### Excerpts from a dataset
____________

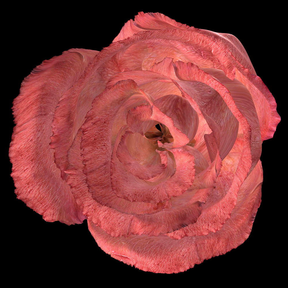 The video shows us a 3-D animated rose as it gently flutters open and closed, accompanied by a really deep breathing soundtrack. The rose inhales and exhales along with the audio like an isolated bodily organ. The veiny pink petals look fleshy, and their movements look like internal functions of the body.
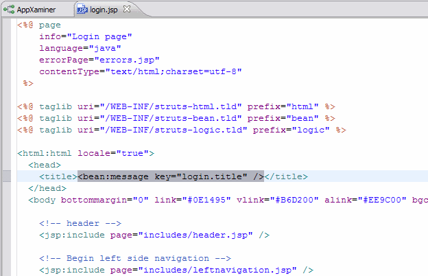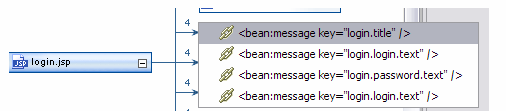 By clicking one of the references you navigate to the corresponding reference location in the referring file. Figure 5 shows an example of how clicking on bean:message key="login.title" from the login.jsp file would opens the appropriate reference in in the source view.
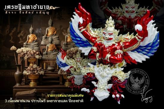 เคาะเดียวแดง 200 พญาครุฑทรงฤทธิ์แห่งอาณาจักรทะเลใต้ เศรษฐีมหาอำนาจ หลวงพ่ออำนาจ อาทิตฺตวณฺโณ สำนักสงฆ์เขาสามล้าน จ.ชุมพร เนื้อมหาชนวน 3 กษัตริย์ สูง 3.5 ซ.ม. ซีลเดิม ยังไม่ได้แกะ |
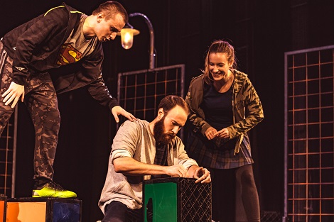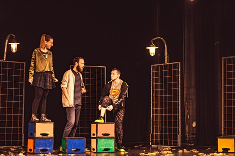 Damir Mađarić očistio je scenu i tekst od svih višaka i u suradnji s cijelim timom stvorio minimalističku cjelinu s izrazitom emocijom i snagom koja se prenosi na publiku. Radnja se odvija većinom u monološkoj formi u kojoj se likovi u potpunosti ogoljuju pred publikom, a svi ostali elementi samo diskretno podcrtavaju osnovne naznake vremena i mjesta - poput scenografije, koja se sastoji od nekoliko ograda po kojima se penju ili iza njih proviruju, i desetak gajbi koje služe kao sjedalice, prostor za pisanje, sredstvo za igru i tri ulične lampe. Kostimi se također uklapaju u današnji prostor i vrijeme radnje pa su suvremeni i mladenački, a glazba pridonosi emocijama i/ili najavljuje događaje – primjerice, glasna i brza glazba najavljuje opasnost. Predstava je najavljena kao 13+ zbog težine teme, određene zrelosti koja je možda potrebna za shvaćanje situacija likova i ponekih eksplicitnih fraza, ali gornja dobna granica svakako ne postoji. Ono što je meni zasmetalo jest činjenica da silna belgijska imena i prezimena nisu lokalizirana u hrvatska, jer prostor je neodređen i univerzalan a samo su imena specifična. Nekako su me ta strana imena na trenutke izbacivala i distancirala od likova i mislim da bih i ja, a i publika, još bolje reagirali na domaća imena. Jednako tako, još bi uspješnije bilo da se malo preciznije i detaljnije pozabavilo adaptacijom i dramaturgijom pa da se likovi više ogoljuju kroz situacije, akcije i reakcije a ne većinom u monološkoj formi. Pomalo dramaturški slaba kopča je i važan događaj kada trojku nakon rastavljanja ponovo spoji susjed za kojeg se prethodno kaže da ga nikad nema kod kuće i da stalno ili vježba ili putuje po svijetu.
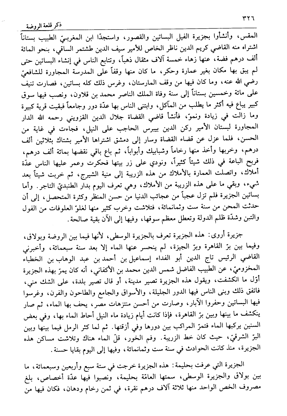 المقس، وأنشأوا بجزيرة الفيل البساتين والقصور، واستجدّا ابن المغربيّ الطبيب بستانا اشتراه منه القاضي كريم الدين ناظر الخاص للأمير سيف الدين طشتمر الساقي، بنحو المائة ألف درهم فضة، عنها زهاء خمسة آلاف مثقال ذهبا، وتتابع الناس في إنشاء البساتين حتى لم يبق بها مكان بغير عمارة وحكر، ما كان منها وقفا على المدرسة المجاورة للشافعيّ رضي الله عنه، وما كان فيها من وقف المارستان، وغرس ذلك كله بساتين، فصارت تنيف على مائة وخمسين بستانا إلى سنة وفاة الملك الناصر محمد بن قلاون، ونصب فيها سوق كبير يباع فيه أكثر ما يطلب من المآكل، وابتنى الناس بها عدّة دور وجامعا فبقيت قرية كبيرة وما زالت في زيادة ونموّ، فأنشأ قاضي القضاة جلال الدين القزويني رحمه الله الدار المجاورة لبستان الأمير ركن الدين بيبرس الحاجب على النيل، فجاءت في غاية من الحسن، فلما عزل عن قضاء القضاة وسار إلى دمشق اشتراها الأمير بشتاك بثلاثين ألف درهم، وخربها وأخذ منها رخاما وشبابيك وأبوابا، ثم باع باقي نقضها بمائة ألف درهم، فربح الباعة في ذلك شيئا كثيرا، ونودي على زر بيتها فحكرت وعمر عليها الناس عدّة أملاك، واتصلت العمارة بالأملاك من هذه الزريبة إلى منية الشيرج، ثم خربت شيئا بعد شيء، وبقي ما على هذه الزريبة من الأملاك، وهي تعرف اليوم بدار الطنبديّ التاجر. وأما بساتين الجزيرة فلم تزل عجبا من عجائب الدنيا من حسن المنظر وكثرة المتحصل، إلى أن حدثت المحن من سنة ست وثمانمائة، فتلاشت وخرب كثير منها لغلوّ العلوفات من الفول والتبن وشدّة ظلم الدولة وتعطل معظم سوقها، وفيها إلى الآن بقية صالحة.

____________

### Work instructions
An exact copy of every entry above is needed, with the pictures left out.

### Solution
 The video shows us a 3-D animated rose as it gently flutters open and closed, accompanied by a really deep breathing soundtrack. The rose inhales and exhales along with the audio like an isolated bodily organ. The veiny pink petals look fleshy, and their movements look like internal functions of the body.
 By clicking one of the references you navigate to the corresponding reference location in the referring file. Figure 5 shows an example of how clicking on bean:message key="login.title" from the login.jsp file would opens the appropriate reference in in the source view.
 เคาะเดียวแดง 200 พญาครุฑทรงฤทธิ์แห่งอาณาจักรทะเลใต้ เศรษฐีมหาอำนาจ หลวงพ่ออำนาจ อาทิตฺตวณฺโณ สำนักสงฆ์เขาสามล้าน จ.ชุมพร เนื้อมหาชนวน 3 กษัตริย์ สูง 3.5 ซ.ม. ซีลเดิม ยังไม่ได้แกะ |
 Damir Mađarić očistio je scenu i tekst od svih višaka i u suradnji s cijelim timom stvorio minimalističku cjelinu s izrazitom emocijom i snagom koja se prenosi na publiku. Radnja se odvija većinom u monološkoj formi u kojoj se likovi u potpunosti ogoljuju pred publikom, a svi ostali elementi samo diskretno podcrtavaju osnovne naznake vremena i mjesta - poput scenografije, koja se sastoji od nekoliko ograda po kojima se penju ili iza njih proviruju, i desetak gajbi koje služe kao sjedalice, prostor za pisanje, sredstvo za igru i tri ulične lampe. Kostimi se također uklapaju u današnji prostor i vrijeme radnje pa su suvremeni i mladenački, a glazba pridonosi emocijama i/ili najavljuje događaje – primjerice, glasna i brza glazba najavljuje opasnost. Predstava je najavljena kao 13+ zbog težine teme, određene zrelosti koja je možda potrebna za shvaćanje situacija likova i ponekih eksplicitnih fraza, ali gornja dobna granica svakako ne postoji. Ono što je meni zasmetalo jest činjenica da silna belgijska imena i prezimena nisu lokalizirana u hrvatska, jer prostor je neodređen i univerzalan a samo su imena specifična. Nekako su me ta strana imena na trenutke izbacivala i distancirala od likova i mislim da bih i ja, a i publika, još bolje reagirali na domaća imena. Jednako tako, još bi uspješnije bilo da se malo preciznije i detaljnije pozabavilo adaptacijom i dramaturgijom pa da se likovi više ogoljuju kroz situacije, akcije i reakcije a ne većinom u monološkoj formi. Pomalo dramaturški slaba kopča je i važan događaj kada trojku nakon rastavljanja ponovo spoji susjed za kojeg se prethodno kaže da ga nikad nema kod kuće i da stalno ili vježba ili putuje po svijetu.
 المقس، وأنشأوا بجزيرة الفيل البساتين والقصور، واستجدّا ابن المغربيّ الطبيب بستانا اشتراه منه القاضي كريم الدين ناظر الخاص للأمير سيف الدين طشتمر الساقي، بنحو المائة ألف درهم فضة، عنها زهاء خمسة آلاف مثقال ذهبا، وتتابع الناس في إنشاء البساتين حتى لم يبق بها مكان بغير عمارة وحكر، ما كان منها وقفا على المدرسة المجاورة للشافعيّ رضي الله عنه، وما كان فيها من وقف المارستان، وغرس ذلك كله بساتين، فصارت تنيف على مائة وخمسين بستانا إلى سنة وفاة الملك الناصر محمد بن قلاون، ونصب فيها سوق كبير يباع فيه أكثر ما يطلب من المآكل، وابتنى الناس بها عدّة دور وجامعا فبقيت قرية كبيرة وما زالت في زيادة ونموّ، فأنشأ قاضي القضاة جلال الدين القزويني رحمه الله الدار المجاورة لبستان الأمير ركن الدين بيبرس الحاجب على النيل، فجاءت في غاية من الحسن، فلما عزل عن قضاء القضاة وسار إلى دمشق اشتراها الأمير بشتاك بثلاثين ألف درهم، وخربها وأخذ منها رخاما وشبابيك وأبوابا، ثم باع باقي نقضها بمائة ألف درهم، فربح الباعة في ذلك شيئا كثيرا، ونودي على زر بيتها فحكرت وعمر عليها الناس عدّة أملاك، واتصلت العمارة بالأملاك من هذه الزريبة إلى منية الشيرج، ثم خربت شيئا بعد شيء، وبقي ما على هذه الزريبة من الأملاك، وهي تعرف اليوم بدار الطنبديّ التاجر. وأما بساتين الجزيرة فلم تزل عجبا من عجائب الدنيا من حسن المنظر وكثرة المتحصل، إلى أن حدثت المحن من سنة ست وثمانمائة، فتلاشت وخرب كثير منها لغلوّ العلوفات من الفول والتبن وشدّة ظلم الدولة وتعطل معظم سوقها، وفيها إلى الآن بقية صالحة.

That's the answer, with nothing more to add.